Today, the problem is no less, even though we cannot take as either real or humane the artificial device of God and the Devil wagering on man’s capacity to endure suffering. But, there is still unmerited suffering without measure in our world; every family experiences it; every one of you could cite dozens of examples: children incinerated in Hiroshima, girls strangled in Boston or killed violently in our suburbs, the dust of millions of innocent victims of the extermination camps clouds the brightness of civilization’s promise.

In Archibald McLeish’s modern rewrite of Job, “JB,” the answers are not adequate for everyone. J.B. and his wife, Sarah, find their consolation in none of the accepted ways of salvation – orthodox religion, psychoanalysis, or Marxism. They find meaning and dignity in human love. Sarah says,

“Blow on the coal of my heart.
The candles in the churches are out.
The lights have gone out in the sky.
Blow on the coal of the heart
And we’ll see, by and by.”

There is immeasurable potential of evil which could be unleashed on hundreds of millions of persons, who do not deserve this overflowing cup of suffering.
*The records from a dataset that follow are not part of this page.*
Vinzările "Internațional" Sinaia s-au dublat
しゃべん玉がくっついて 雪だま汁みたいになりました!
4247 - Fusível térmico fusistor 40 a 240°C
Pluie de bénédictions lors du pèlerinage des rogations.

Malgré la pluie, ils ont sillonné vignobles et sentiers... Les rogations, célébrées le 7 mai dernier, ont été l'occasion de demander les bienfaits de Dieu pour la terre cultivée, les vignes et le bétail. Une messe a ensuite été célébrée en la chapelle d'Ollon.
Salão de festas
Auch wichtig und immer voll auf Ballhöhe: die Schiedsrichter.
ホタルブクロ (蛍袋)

Can such disaster be accepted while [we are] still striving mightily to re-assert human dignity and find goodness life?

In order to arrive at strong religion, to such ethical discourse we may address ourselves; to deal with such issues may bring us great riches of faith.

Thirdly, in our experience, how do we deal with the meaning of life, beyond whatever individual share of years, happiness and sorrow may be our individual lot?
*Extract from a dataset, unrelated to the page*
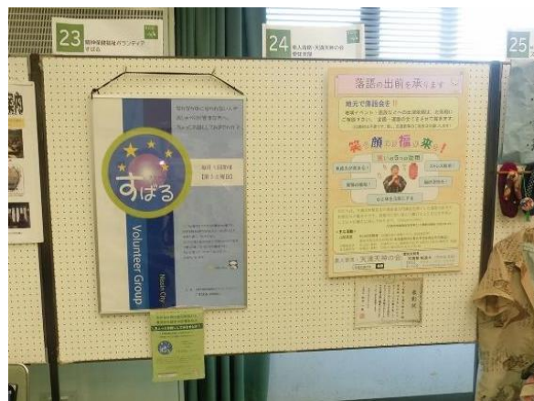
↑ 縦120cm×横90cm（1枚のパネルを2団体で使用）
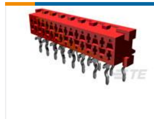
TE 产品编号8-215460-6 MICRO-MATCH FSID P

The sixth chapter of Isaiah describes the overpowering religious experience of that young prophet. He knew the experience of God; he realized the purpose of life for him; he accepted the assignment that purpose implied. Such experience is personal; its impact and commitment cannot be assimilated secondhand.

Images of Biblical Heaven and Hell, doctrines of last things, when the world will be ended with a supernatural deluge of destruction, one final and irrevocable day of judgment – these archaic conclusions no longer have more than passing meaning for most of us. What in our lives stirs us to deal with the meaning of the universe of our experience, the purpose of life – its creation, growth, decay, death?

What is more empty than the life of a man studded with achievement, furnished by acquisitions and decorated with diversion, but who has never taken the time to wrestle with the meaning of life? But we know also that in every age, men and women have grasped their own experiences and derived from it meanings which enabled them to live life with gladness and die death with courage.

To such purposeful discourse we may address ourselves; to deal with such issues may bring great riches of faith.

These newer frameworks for faith have little room for a bland collectivity of inoffensive religion and inert ethics. There is little room for mindless comfort. We have a task to use the resources of civilized goodness in confronting the world of our experience to construct a faith offering enough serious options to gather loyalties from all segments of our diverse and pluralistic world. I would conclude with Tennyson’s forward-looking lines from Morte D’Arthur,

“The old order changeth, yielding place to new,
And God fulfills himself in many ways,
Lest one good custom should corrupt the world.”